Work to be completed: Repeat the lines below exactly as written, please, from the line with "吉満 タクホさんを姓名の画数から五運を鑑定" to the line with "Al llegar al", both lines included, and no others.

Study material section start

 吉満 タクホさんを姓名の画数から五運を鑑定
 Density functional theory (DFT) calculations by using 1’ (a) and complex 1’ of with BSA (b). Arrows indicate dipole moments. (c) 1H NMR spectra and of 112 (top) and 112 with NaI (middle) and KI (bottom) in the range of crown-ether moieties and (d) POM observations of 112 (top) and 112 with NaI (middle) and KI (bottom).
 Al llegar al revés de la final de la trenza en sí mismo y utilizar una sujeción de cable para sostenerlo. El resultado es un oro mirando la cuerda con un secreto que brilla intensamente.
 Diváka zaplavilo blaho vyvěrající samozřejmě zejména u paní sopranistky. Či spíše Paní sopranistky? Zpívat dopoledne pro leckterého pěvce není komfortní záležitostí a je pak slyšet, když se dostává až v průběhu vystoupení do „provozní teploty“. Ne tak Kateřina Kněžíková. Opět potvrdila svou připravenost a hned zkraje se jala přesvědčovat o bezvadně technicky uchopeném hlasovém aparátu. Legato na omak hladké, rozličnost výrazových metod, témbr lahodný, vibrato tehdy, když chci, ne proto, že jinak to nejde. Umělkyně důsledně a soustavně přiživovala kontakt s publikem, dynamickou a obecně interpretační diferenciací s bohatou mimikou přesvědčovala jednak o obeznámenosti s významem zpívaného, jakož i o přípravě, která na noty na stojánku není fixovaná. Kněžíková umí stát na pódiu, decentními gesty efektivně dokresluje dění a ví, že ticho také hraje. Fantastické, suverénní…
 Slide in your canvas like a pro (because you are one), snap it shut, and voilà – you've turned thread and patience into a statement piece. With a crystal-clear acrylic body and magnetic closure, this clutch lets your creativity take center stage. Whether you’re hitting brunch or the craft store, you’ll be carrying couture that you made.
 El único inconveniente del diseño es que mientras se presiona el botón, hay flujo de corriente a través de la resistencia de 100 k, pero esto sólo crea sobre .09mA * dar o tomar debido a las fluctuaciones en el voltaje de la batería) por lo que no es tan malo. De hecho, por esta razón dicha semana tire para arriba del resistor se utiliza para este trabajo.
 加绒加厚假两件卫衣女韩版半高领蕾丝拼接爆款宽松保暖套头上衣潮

Study material section end
Study material section start

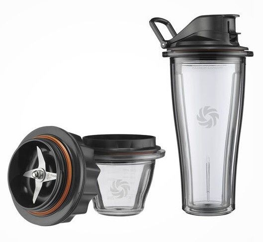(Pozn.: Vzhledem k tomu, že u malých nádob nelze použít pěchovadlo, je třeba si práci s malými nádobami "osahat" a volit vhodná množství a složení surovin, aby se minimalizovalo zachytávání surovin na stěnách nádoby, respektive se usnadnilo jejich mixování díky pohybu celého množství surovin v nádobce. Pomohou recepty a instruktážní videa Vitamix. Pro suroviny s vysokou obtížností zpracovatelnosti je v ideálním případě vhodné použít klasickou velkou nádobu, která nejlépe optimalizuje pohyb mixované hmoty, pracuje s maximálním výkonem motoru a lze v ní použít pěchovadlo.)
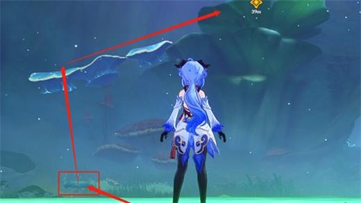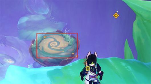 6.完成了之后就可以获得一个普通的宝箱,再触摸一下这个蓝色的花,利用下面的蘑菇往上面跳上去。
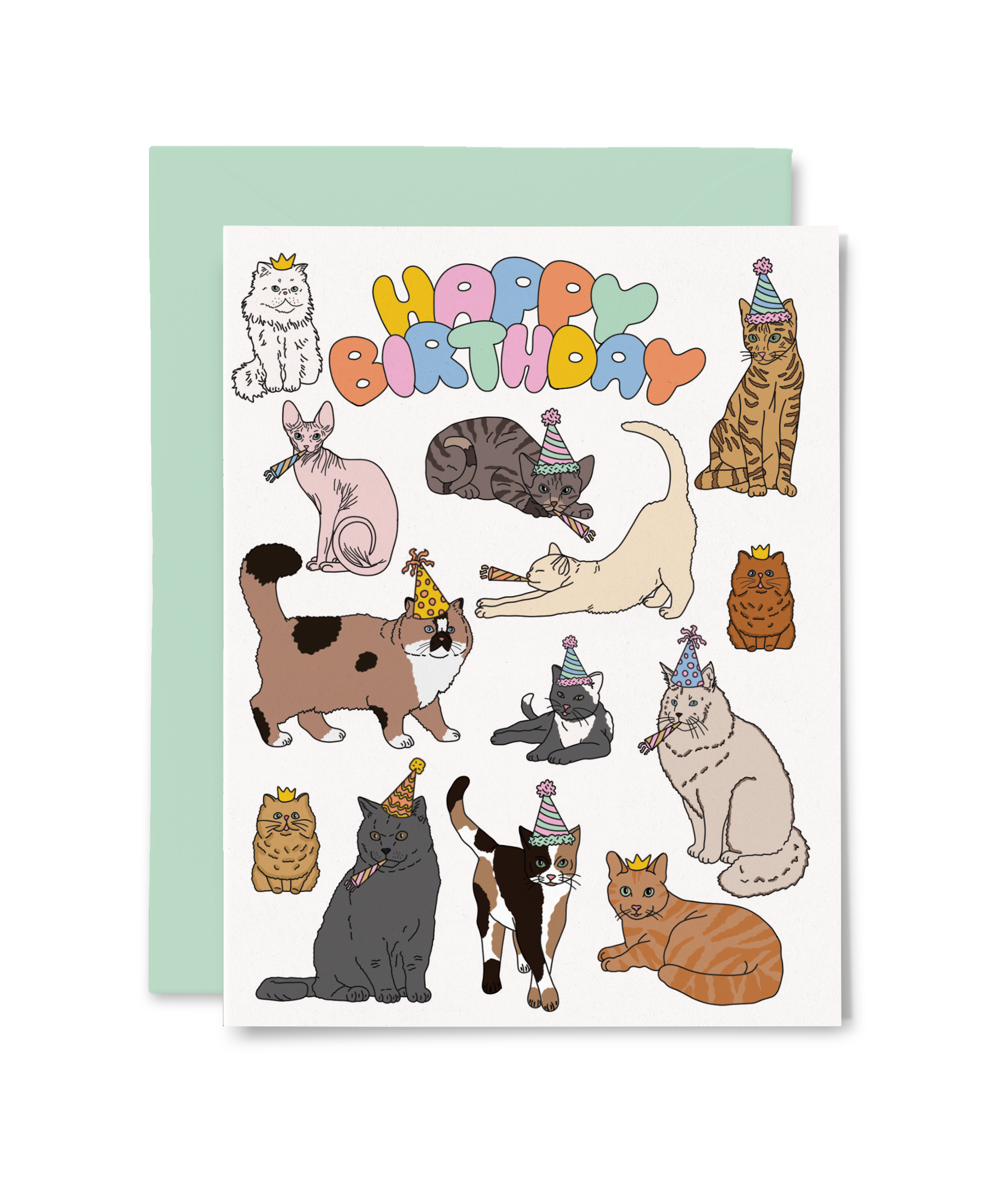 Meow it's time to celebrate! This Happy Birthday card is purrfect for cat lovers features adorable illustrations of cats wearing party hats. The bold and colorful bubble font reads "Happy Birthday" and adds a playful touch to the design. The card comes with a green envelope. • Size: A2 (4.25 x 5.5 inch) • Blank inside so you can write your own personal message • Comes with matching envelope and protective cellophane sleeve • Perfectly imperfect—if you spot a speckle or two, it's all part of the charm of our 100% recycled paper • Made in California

Study material section end

Exercise solution:
 吉満 タクホさんを姓名の画数から五運を鑑定
 Density functional theory (DFT) calculations by using 1’ (a) and complex 1’ of with BSA (b). Arrows indicate dipole moments. (c) 1H NMR spectra and of 112 (top) and 112 with NaI (middle) and KI (bottom) in the range of crown-ether moieties and (d) POM observations of 112 (top) and 112 with NaI (middle) and KI (bottom).
 Al llegar al revés de la final de la trenza en sí mismo y utilizar una sujeción de cable para sostenerlo. El resultado es un oro mirando la cuerda con un secreto que brilla intensamente.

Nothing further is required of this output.